Concetti Chiave

  • Lucrezio, poeta e filosofo del primo secolo a.C., espone la filosofia epicurea nel suo capolavoro "De Rerum Natura", una poesia che libera l'uomo dall'angoscia e dall'ignoranza.
  • I principi dell'universo secondo Lucrezio sono i corpi e il vuoto, con gli atomi come elementi costitutivi solidi ed eterni, che garantiscono l'increazione e l'indistruttibilità della materia.
  • Il termine "clinamen", creato da Lucrezio, si riferisce alla deviazione infinitesimale degli atomi dalla forza gravitazionale, fondamentale per la creazione dei corpi.
  • L'isonomia rappresenta la legge fisica eterna che mantiene l'equilibrio tra vita e morte, evitando una conflitto totale nel cosmo.
  • Lucrezio sostiene l'esistenza di mondi infiniti, nei quali gli dei sono spettatori e l'uomo perde centralità, diventando solo un frammento di un avvicendarsi più ampio.

Lucrezio e la filosofia epicurea

È un poeta e filosofo del primo secolo a.C., quando si parla di lui solitamente si fa riferimento al suo “De Rerum Natura”, che costituisce uno dei capolavori della letteratura, un’esposizione in forma poematica della filosofica epicurea, che nel frattempo si era introdotta nel mondo latino. Lucrezio utilizza la filosofia epicurea per cantarla come una luce capace di liberare l’uomo dall’angoscia, dalla paura e dall’ignoranza riporta così dottrine di Epicureo già note ma anche altre non direttamente testimoniate. I capisaldi della dottrina epicurea da lui riformulati sono quindi:

    1.

    Principi dell'universo secondo Lucrezio

    Assunzione che i corpi e il vuoto costituiscano i due principi dell’universo;

    2.

    Atomi e clinamen

    Gli atomi sono le particelle costitutive di tutto il reale, sono solide ed eterni, sono semenza di tutte le cose, essi garantiscono il duplice principio della increazione e della indistruttibilità della materia. Questi elementi costitutivi sono eterni e di per sé non percepibili e va osservato quindi che da questo punto di vista, la dimensione sensibile dei corpi viventi si produca dall’insensibile, dal non percepibile;

    3. Clinamen, parola creata da Lucrezio e mai più usata nella classicità, significa quella deviazione infinitesimale e indeterminata degli atomi dalla fissità della forza gravitazionale la quale consente la creazione dei corpi;

    4.

    Isonomia e mondi infiniti

    Isonomia, costituisce la legge fisica originale ed eterna che, tenendo in equilibrio le forze di vita e morte, consente l’alternarsi di impulsi contrari e salvaguardia il cosmo da una conflagrazione assoluta;

    5. Esistenza di mondi infiniti, che coesistono nell’universo, in questi mondi gli dei non hanno un ruolo attivo ma fungono solo da semplici spettatori e l’uomo non è più al centro ma è uno dei tanti momenti e frammenti di questo avvicendarsi;

Domande da interrogazione

  1. Qual è il principale contributo di Lucrezio alla filosofia epicurea?
  2. Lucrezio, attraverso il suo "De Rerum Natura", espone la filosofia epicurea come una luce capace di liberare l'uomo dall'angoscia e dall'ignoranza, riformulando i capisaldi della dottrina di Epicureo e introducendo concetti come il clinamen.
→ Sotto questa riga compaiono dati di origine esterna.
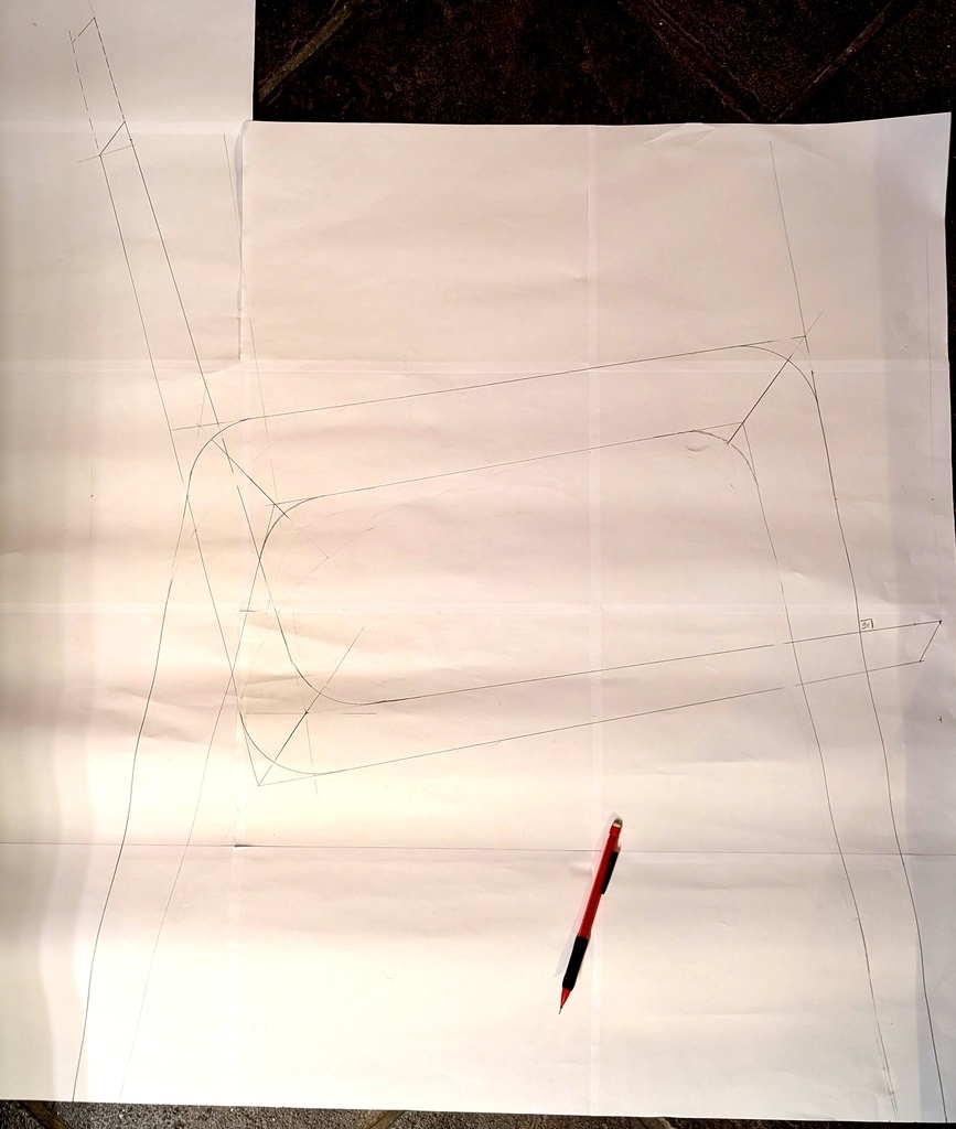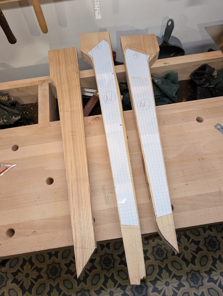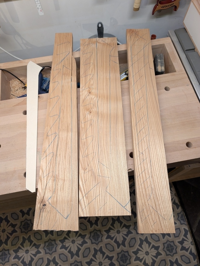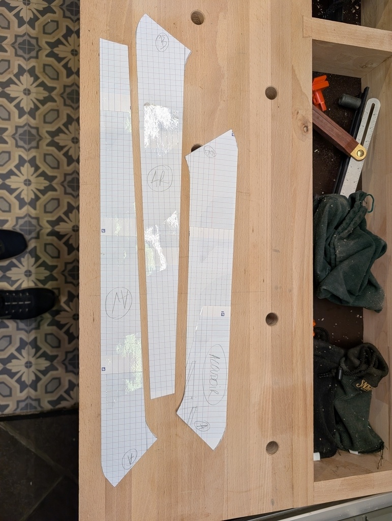 J'ai donc, après avoir préparé quelques planche de frêne de 35mm d'épais, préparé des gabarits papier pour les 2 fois 3 pièces de bois (pied avant, pied arrière et accoudoir).

  3. Cosa rappresentano gli atomi secondo Lucrezio?
  4. Gli atomi, secondo Lucrezio, sono le particelle costitutive di tutto il reale, solidi ed eterni, che garantiscono l'increazione e l'indistruttibilità della materia, producendo la dimensione sensibile dai principi insensibili.

  5. Qual è il significato di isonomia nella filosofia di Lucrezio?
  6. L'isonomia è la legge fisica originale ed eterna che mantiene l'equilibrio tra vita e morte, permettendo l'alternarsi di impulsi contrari e proteggendo il cosmo da una distruzione totale.